蒸留所は、スコッチを模すために大麦や穀物を使っているのではない。インドで栽培され、蒸留され、熟成されるシングルモルトにとって最適な大麦を選んでいるのである。インドリなどが用いる六条大麦から、ジャンチャンドが用いるヒマラヤ産大麦まで多様だ。

クマールはインドリにおける大麦選択についてこう説明する。「タンパク質含有量が高く、でんぷん量が相対的に低い六条大麦は、より力強く、穀物感が前面に出て、テクスチャーのあるスピリッツを生み得る一方、抽出効率や精製の面で課題も生じうる」

5. インディアンシングルモルトに受賞が相次いでいる

検索トレンドやキーワードのパターンを見ると、インディアンウイスキーへの関心が高まっており、関連検索の一部は月間平均の約82%増で推移している。

この国際的な検索増の一因は、世界のスピリッツ分野で最も権威ある賞のいくつかで、インディアンウイスキーが獲得する受賞数が増えていることにあるかもしれない。

インドリの「ディワリ・コレクターズ・エディション2025(マルサラ・カスク・フィニッシュ)」は、World Whiskies Awards 2026で複数の賞を獲得したほか、2025 Las Vegas Global Spirits Awardsでは99.1/100というスコアで「Best World Whisky」を受賞した。これは記録されたスコアの中でも屈指の高得点であり、インディアンウイスキーが国内カテゴリー内で勝っているだけではなく、世界の競争相手に正面から挑んでいることを示している。

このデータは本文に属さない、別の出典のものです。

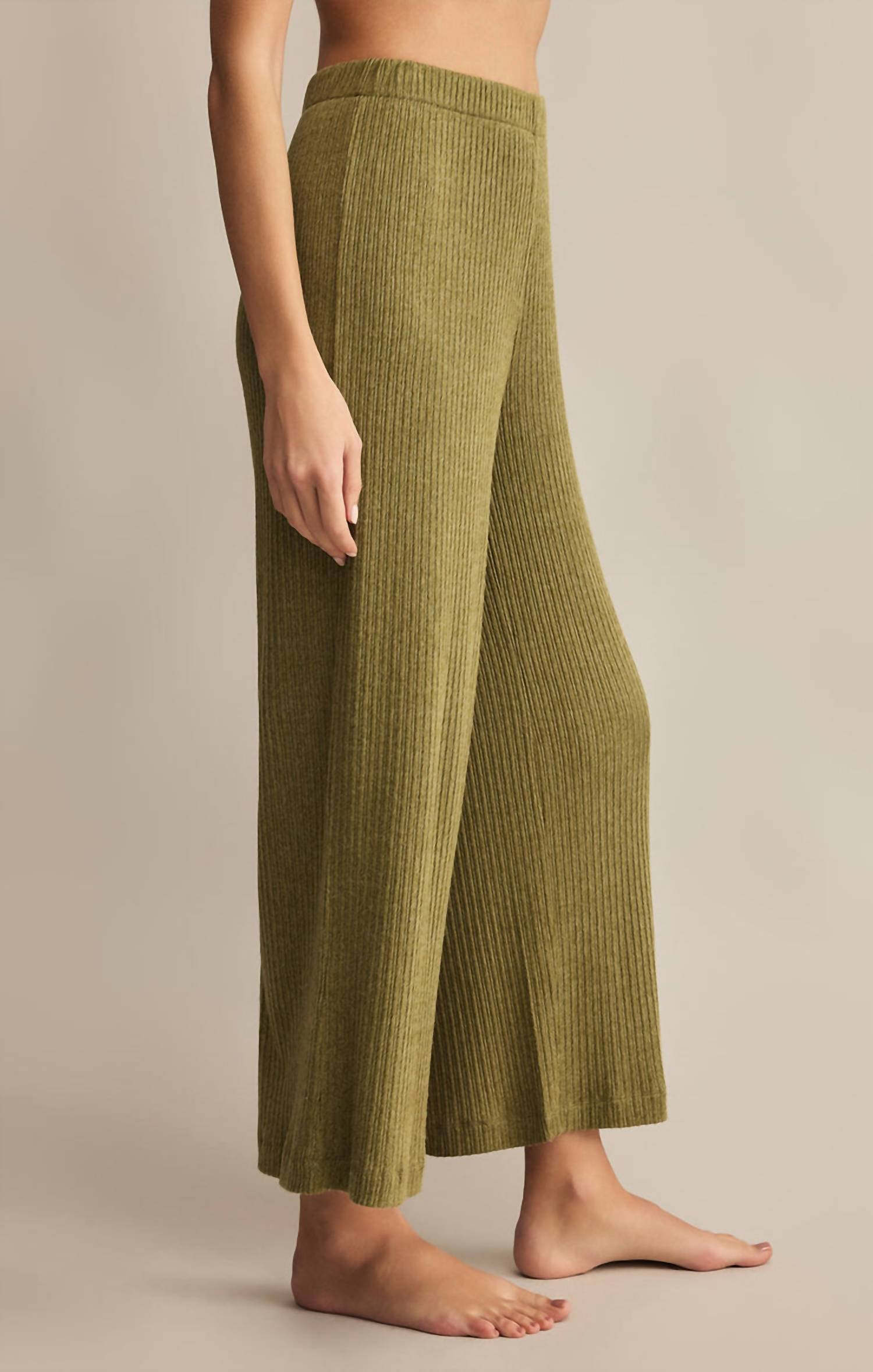 Experience effortless comfort with the Coastline Rib Pant by Z Supply. Crafted from 97% polyester and 3% spandex, these pants are designed for a relaxed fit with a wide leg and a high-rise elastic waistband. With no pockets and a pull-on closure, they are perfect for minimalist vacation wear, providing breathable softness in a stylish fern color. Care is simple with machine wash and tumble dry instructions, making them an ideal choice for summer lounging. Measurements for size XS are 36" in length and a 25 1/2" inseam, ensuring a flattering cropped-mid length fit.

インディアンウイスキーはもはや「価格の割に良い」や「インディアンウイスキーとしては良い」にとどまらず、国際舞台で他のウイスキーやスピリッツに挑んでいる。カテゴリーの可能性を押し広げる蒸留所も複数存在する。

ジャンチャンド・アダンバラー、ポール・ジョン・ポート・セレクト・カスク、All Seasons Sir E Taj 21 Year Old、インドリ Founder's Reserve 11 Year Old、サンガム・ワールド・モルト・ウイスキーは、この12カ月に国際的な賞を獲得したインディアンウイスキー(モルトおよびグレーン)の一部にすぎない。

「最終的に私たちの目標は、世界で称賛されるウイスキーをつくりながら、将来世代のインディアンウイスキーメーカーに刺激を与え、卓越の遺産を築くことだ」クマールはそう総括する。

実に刺激的で、多様性に富んだカテゴリーである。シングルモルト・スコッチであれ、ブレンデッドであれ、バーボンであれ、ウイスキーが好きなら、楽しめるインディアンウイスキーはきっと見つかるはずだ。ぜひ探求してみてほしい。